In 2020, governments in most major economies piled on enormous fiscal stimulus and their central banks concurrently created the most accommodative monetary environment since the 2008 financial crisis. A lot of this money has found its way into investment markets, boosting global stock indexes to all-time highs.
Why include this “good news” story in a list of disruptive threats? There is a wave of Baby Boomers on the cusp of retirement. Strong returns in near-term equity markets could accelerate the exit of a large cohort of today’s workforce that contains the wisdom, culture and steady hands currently guiding our supply chains. Unless we take a proactive approach to institutionalise and pass on this expertise, through mentoring and the use of knowledge management systems, we may find ourselves suddenly underpowered in the face of today’s more disruptive environment.
Frequent earthquakes, stifling droughts, and “sovereignty risk.” If the high-tech industry were designing its supply network, greenfield, it would probably choose not to place the largest global share of semiconductor production on the powder keg that is Taiwan.
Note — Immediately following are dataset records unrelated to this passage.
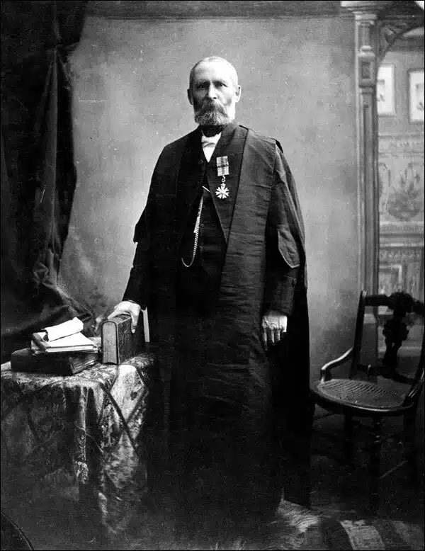 The restructuring divided the Territories into several judicial districts.  Calgary became the headquarters of the northern Alberta district with Charles Rouleau as the resident judge.  Born and educated in Lower Canada, he became a Stipendiary Magistrate in 1883 and was a Supreme Court Judge from 1887 until 1901.  Unlike Macleod, Rouleau emersed himself in the law.  He was regarded as the court’s most learned member and relied on his large collection of legal books to aid him in crafting his written decisions.  A majority of his decisions that went to the appellate court were upheld.[17]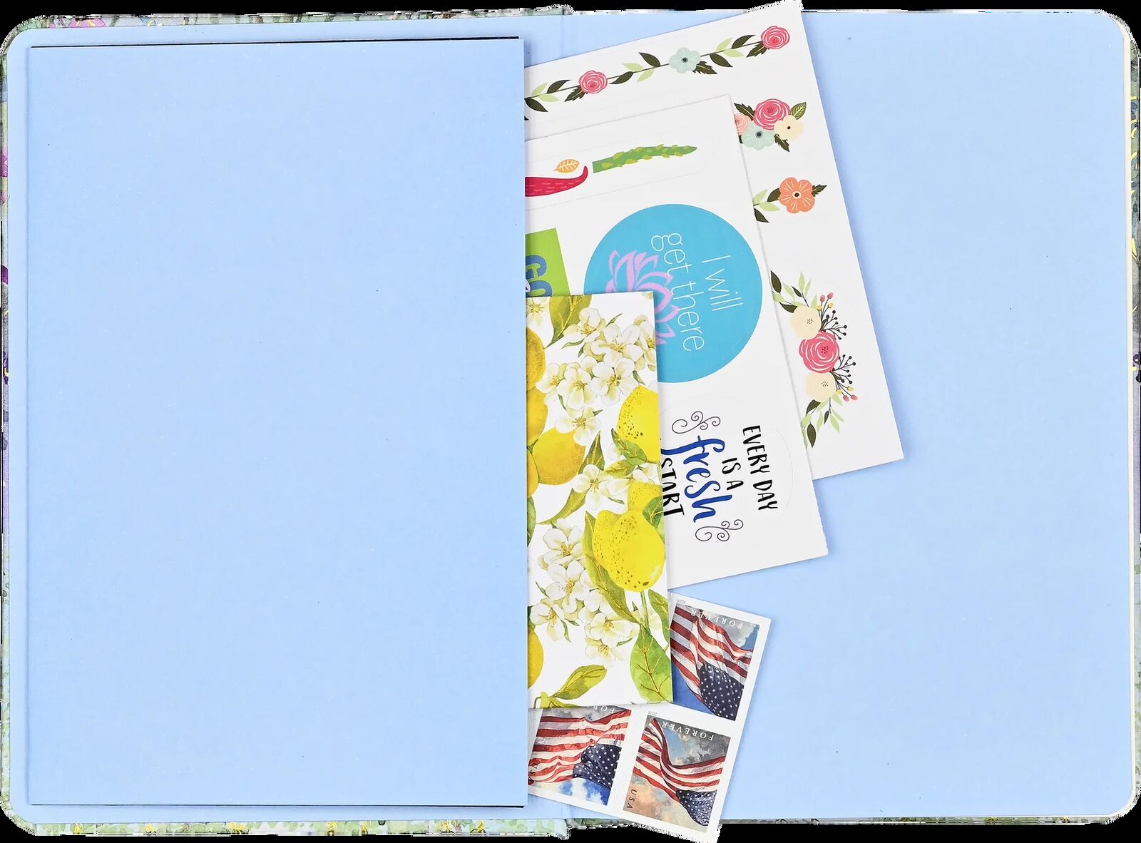 - Tuck notes and keepsakes within the expandable inside back cover pocket.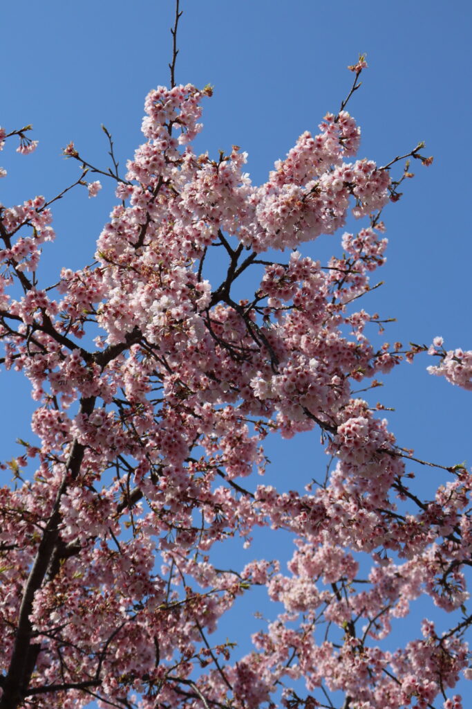 去年より早咲きと言ってますが、体感だとまだ二分にも満たない印象でした。
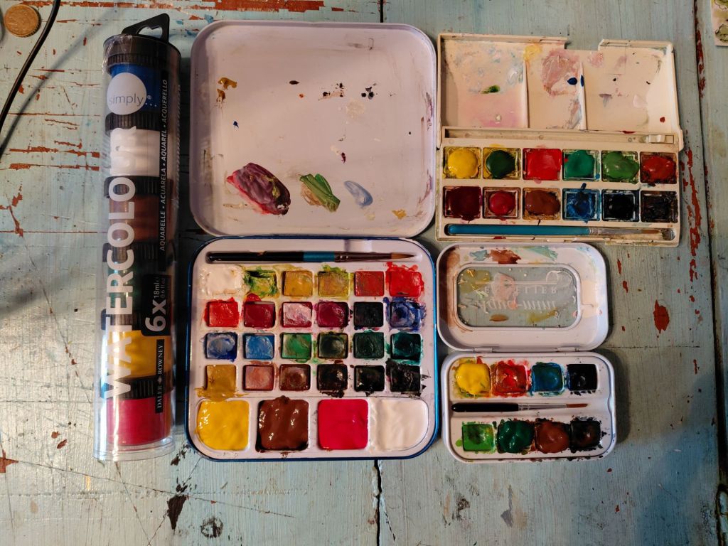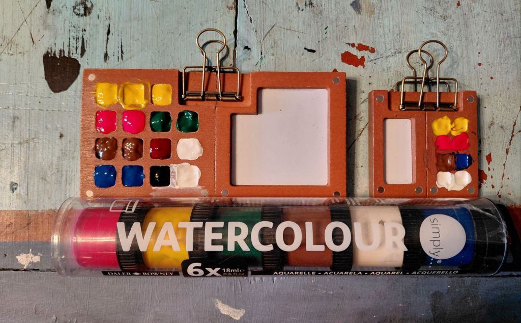 This afternoon I’ve been fiddling with watercolours. I thought that I’d better check what I have and test some things out.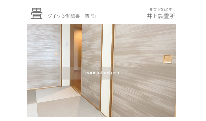 ○ ダイケン和紙畳 琉球畳 「清流カラー 灰桜色」 ダイケン畳床 厚み:30o 六畳間 新調 11,500円 × 12枚 138,000円 (税込) ○ 襖紙張替 ルノン ・ 凛 rin No310 丈長サイズ 4枚 幅広サイズ 押入 2枚 幅広サイズ 天袋 2枚 引手 新調 ビドー (樹脂製)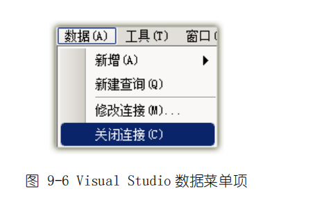 在创建的子节点上点击右键后会弹出菜单,选择‚关闭连接‛命令后,当前连接即被关闭。此时节点前图标会变为 代表此连接已关闭。‚关闭连接‛命令同样可以在选择节点后,GBASE南大通用Visual Studio 出现的‚数据‛菜单中选择。如下图9-6 所示。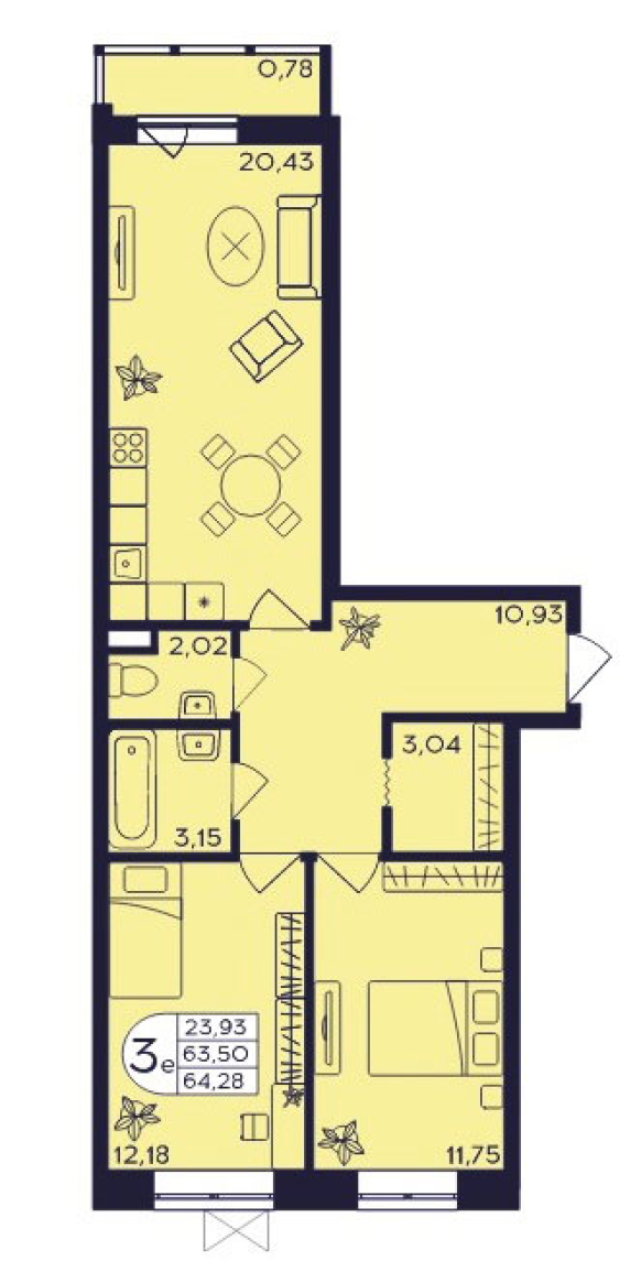 Планировки классических трехкомнатных квартир фактически клонированы и отличаются только по площади, причем разница едва уловима, исчисляется в сантиметрах. 67,54 - 68,2 - 68,73 - вот такая разница. Большая кухня площадью 10,7 кв.м. имеет два входа - из прихожей и из гостиной. В гостиной три окна, а значит, гостям будет в три раза светлее вести дружеские беседы с хозяевами. Спальни небольшие, от 10,62 до 14,36 кв.м. Санузел раздельный, гардеробная и балкон - в наличии.

TSMC, the world’s dominant chip foundry manufacturer, recently announced that it would open a large wafer fabrication plant in Arizona. Intel recently announced that it, too, would invest billions of dollars in semiconductor manufacturing capacity in the US and Europe. These moves point to industry recognition of the risk concentration. Multibillion-dollar semiconductor plants take years to build, however. In the meantime, the world will be holding its breath hoping its Taiwan bet doesn’t come up snake eyes.
With the right subject matter experts, any supply chain organisation can take another, more refined look at the risk horizon. Just as important will be a mindset recognising that the number of risks within the realm of higher probability has increased, including those cascading from upstream sources. Sounds daunting? If this job were easy, anyone could do it.